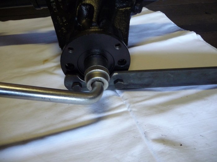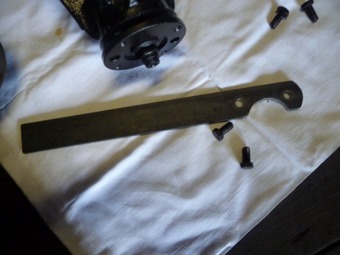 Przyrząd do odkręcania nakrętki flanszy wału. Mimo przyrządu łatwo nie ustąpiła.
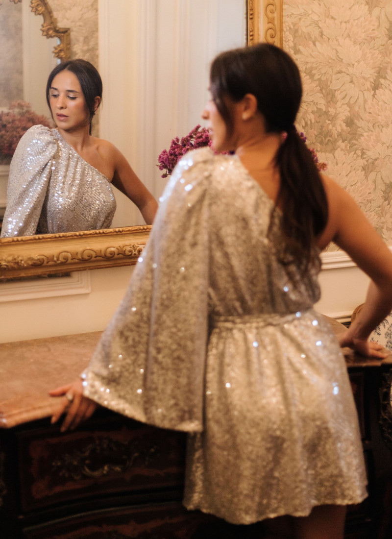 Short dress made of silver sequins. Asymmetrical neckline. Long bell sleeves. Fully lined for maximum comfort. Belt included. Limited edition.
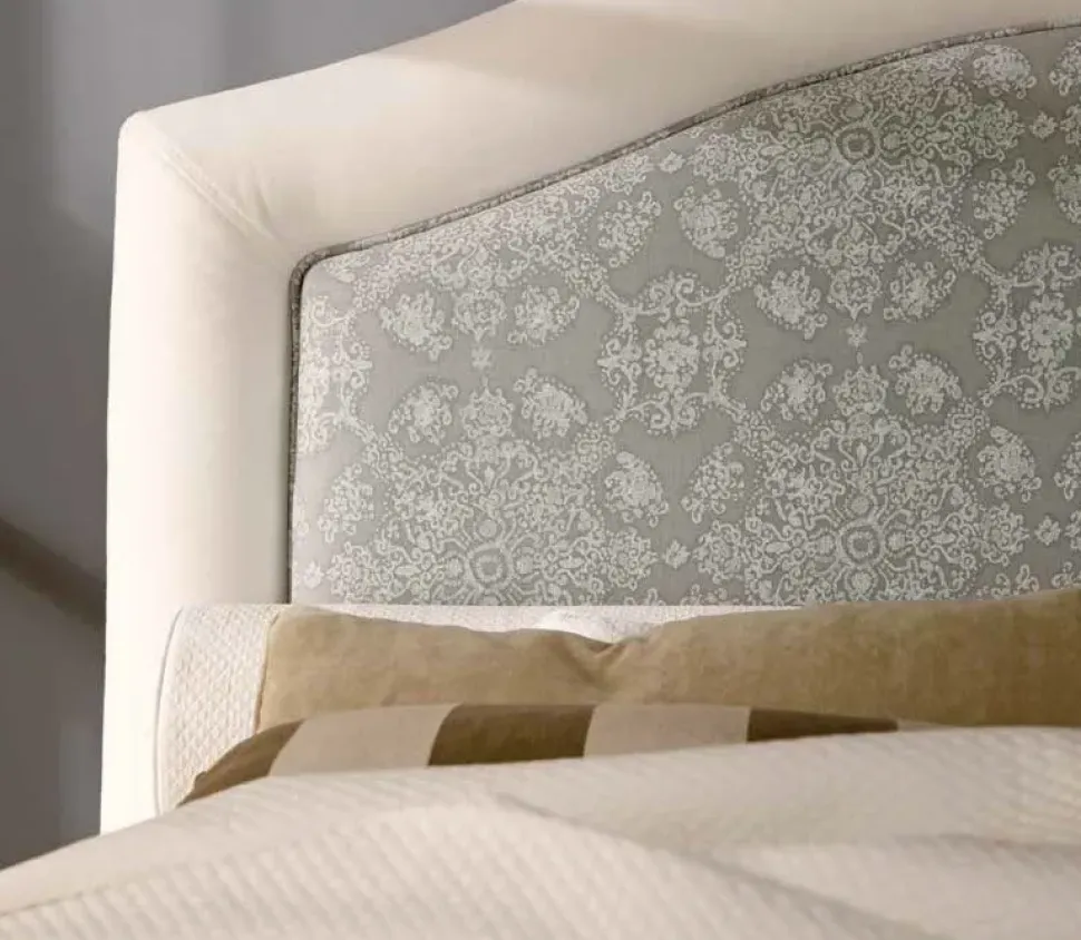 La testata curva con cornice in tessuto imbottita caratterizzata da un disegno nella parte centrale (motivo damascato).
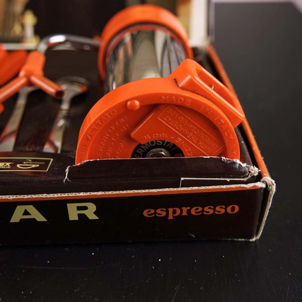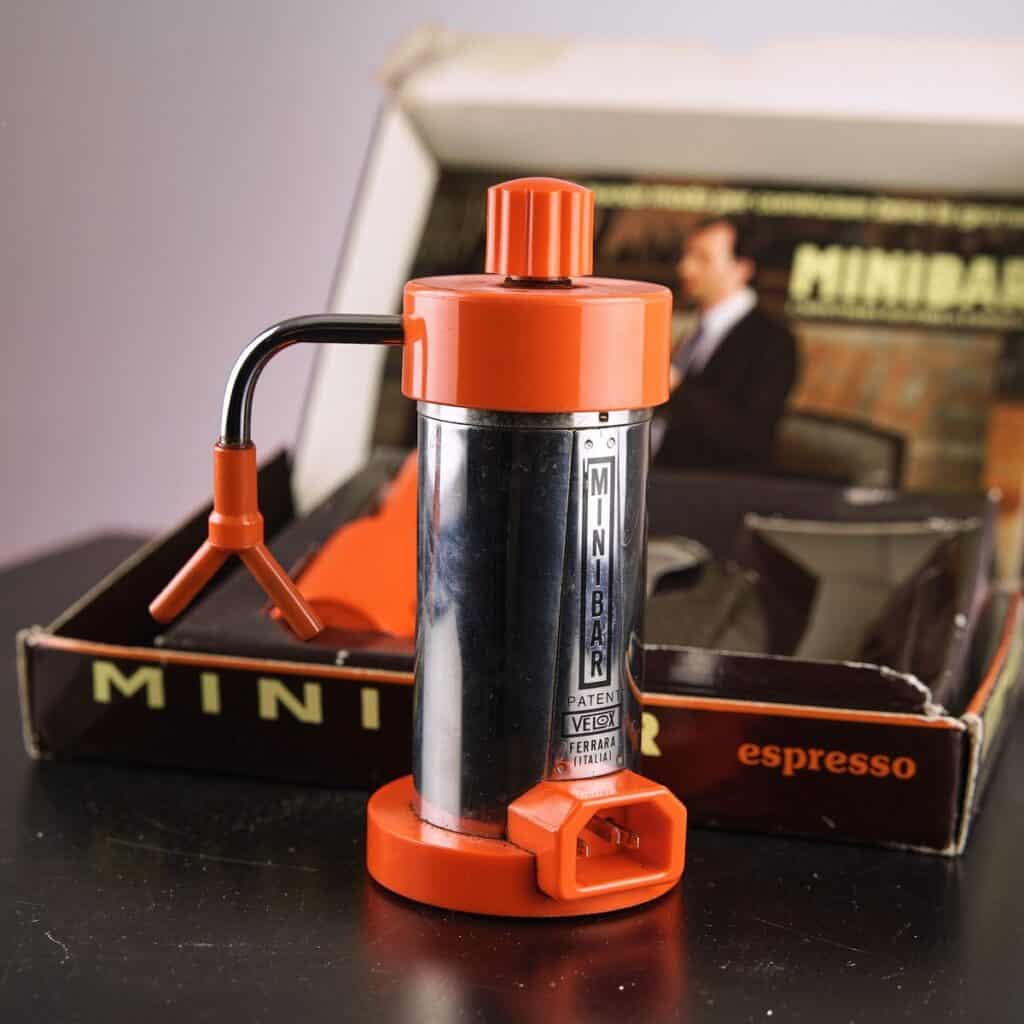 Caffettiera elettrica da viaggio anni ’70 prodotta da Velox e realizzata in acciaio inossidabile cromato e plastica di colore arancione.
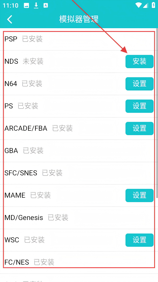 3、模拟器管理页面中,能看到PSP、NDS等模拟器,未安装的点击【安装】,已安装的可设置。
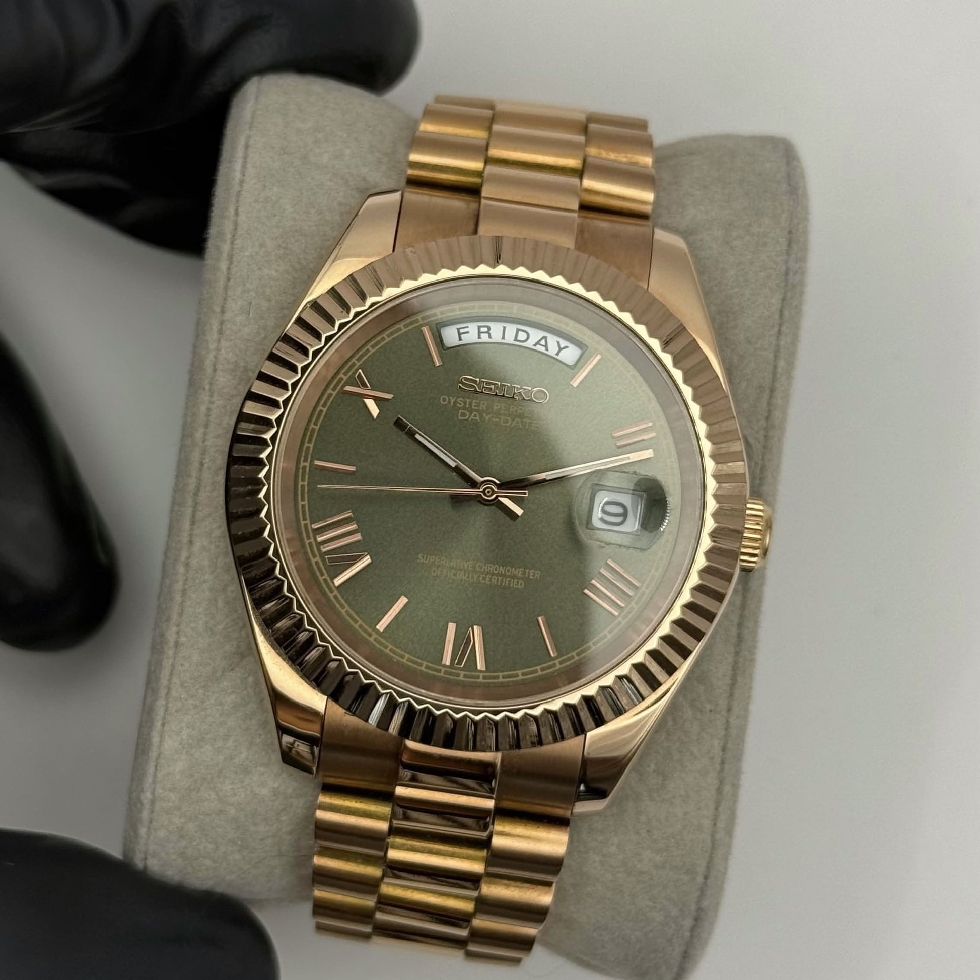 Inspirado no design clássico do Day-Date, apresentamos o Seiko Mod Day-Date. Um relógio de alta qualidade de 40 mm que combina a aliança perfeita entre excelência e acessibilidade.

#### [About this task]
What you return from the records above should be exactly everything from the line with "Short dress made" down to the line with "La testata curva", both kept, and no pictures.

#### [Answer for the task]
 Short dress made of silver sequins. Asymmetrical neckline. Long bell sleeves. Fully lined for maximum comfort. Belt included. Limited edition.
 La testata curva con cornice in tessuto imbottita caratterizzata da un disegno nella parte centrale (motivo damascato).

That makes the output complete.